This research uses a slimtube containing quartz sand with a length of 1890 cm, tube diameter of 0.639 cm, porosity of 25.7%, a permeability of 15.803 darcy, and a pore volume of 155.838 cc at 120 ºC. Furthermore, the Slimtube is filled with crude oil with the composition of H2S, CO2, N2, C1, C2, C3, i-C4, n-C5, C6, and C7+, with variations of displacement pressure is 1200, 1300, 1380, 1400, 1500 Psig. The result of oil recovery from CO2-oil displacement at each pressure is shown in Figure 6.
Figure 6 shows that the oil recovery when the displacement pressure is below MMP will increase along with the increase of displacement pressure. The phenomena occurs both in the oil recovery at breakthrough, displacement of 1.2 pore volume (PV) and blowdown. Furthermore, for displacement at and above TTM, the increase in displacement only resulted in a relatively small increase in oil recovery. This occurs at breakthrough, 1.2 pore volume, and at blowdown. Therefore, it can be decided that the magnitude of TTM is 1380 Psig. After this pressure, the addition of pressure only increases the oil recovery slightly.

2.3. Swelling Factor

The presence of CO2 gas dissolved in oil will increase the volume of oil. This increase in volume is expressed by a quantity called the swelling factor, which is "The ratio of the volume of oil that has been filled with CO2 to the initial oil volume before being filled with CO2, if the magnitude of this swelling factor is more than one, it indicates the presence of expansion”. Simon and Graue [13] said that the swelling factor is influenced by the mole fraction of CO2 dissolved in the oil (XCO2) and the size of the oil molecules formulated by the ratio of molecular weight density (M/ρ).

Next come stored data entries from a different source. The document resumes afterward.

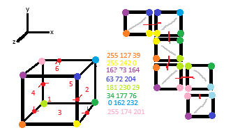 I've created a cube! I sketched the cube out in Paint (pictured), ascribed coordinates to each corner, flattened it into a mesh, and then specified each line to the GPU as a pair of coordinates. The colours were essential for debugging vertices in the wrong place and misorientation of the x/y/z axes. The flattened mesh was essential for defining triangles, which need to be specified with vertexes in an anticlockwise chirality for the faces to point outwards.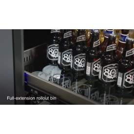 Keep wine, beer, soda, juice and more on hand and ready to drink in this Full Size Wine & Beverage Cooler. Featuring Full-Extension Wood Racks for bottle storage, a stainless steel Full-Extension Rollout Bin for easy access, vertical LED light strips in three colors and four light levels, an illuminated control panel, and an updated kickplate with built-in lock. Also boasts an auto-illuminating function that sets the lighting to the highest brightness level when the door opens for greater visibility.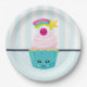 Cute Blue Cupcake with Kawaii Face Paper Plate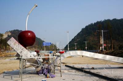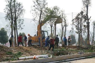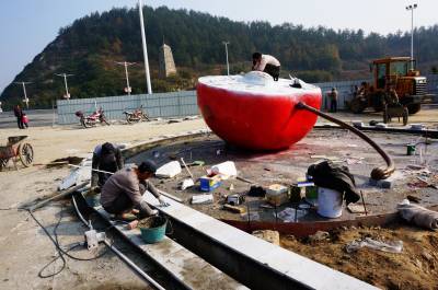 11月20日,郧县开发区樱挑沟村的撄桃广场正在加紧建设,工人们分成多组进行植树,广场场平铺设,撄挑雕塑安装上色,水电安装等项施工。撄桃广场占地50000平方米,总投资1800万元,于4月19日动工,12月中旬将落成开园,这也是全省第一家以撄挑命名的特色广场。樱挑沟村以樱挑节而响誉全省,11月15日樱挑沟村被评为全国最美村镇称号。 视界网周家山 罗静摄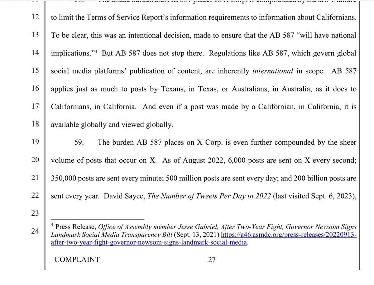 And its global in scope, because what someone in CA sends is visible by someone in Australia. This makes compliance impossible and ridiculously expensive.. There are 200 BILLION posts on X per year.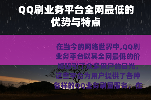 在当今的网络世界中,QQ刷业务平台以其全网最低的价格吸引了众多用户的目光,这些平台为用户提供了各种各样的QQ业务刷量服务,在一定程度上满足了用户对于QQ账号相关数据增长的需求。

Particularly, the results of Wellker and Dunlop [12] showed that the swelling factor is also influenced by pressure and temperature as shows in Figure 7.

3. Results and Discussion

3.1. Screening Criteria of F Layer

The mapping of Layer F of KHL Field is carried out to evaluate the feasibility of the CO2 flooding application. The crucial part is reservoir characterization of reservoir rock physics, reservoir fluid physics and chemistry, and reservoir conditions. This characterization served as a discretion and input for laboratory studies and reservoir simulation of applied CO2 injection in Layer F, either during pilot project and full-scale application [2].
Based on EOR screening criteria Taber, J. J., Martin, F. D., and Seright, R.S. [22] in Table 1, for Layer F of KHL Field, when adjusted with the most affecting factors and parameters in EOR method screening (oil characteristics and reservoir characteristics), then EOR method using CO2 gas injection is appropriate, or considered to be feasible for field application. Screening results of Layer F is shown in Table 2.
CO2 injection is commonly carried out with injecting a certain amount of CO2 (30% or more than hydrocarbon PV) into the reservoir. CO2 is not instantly mixed with oil during the first contact, but after going through gradual contacts or multiple contacts. CO2 extracts light-to-medium hydrocarbon components; and if the pressure is high enough, it would form a mixture to displace oil films from the rocks. Over the depths less than 1,800 ft, reservoir is considered not qualified to meet the technical screening criteria of miscible CO2 injection.
Furthermore, oil reservoirs with API gravity greater than 22 oAPI, is qualified to meet the technical screening criteria of immiscible CO2 injection with the injection pressure is set to be less than minimum miscible pressure (MMP). Immiscible CO2 flooding is commonly less effective, yet it would still gain more oil recovery than water injection. Besides, CO2 gas source with exceptional quality is paramount, which has minimal-to-no content of water (H2O) nor dry gas.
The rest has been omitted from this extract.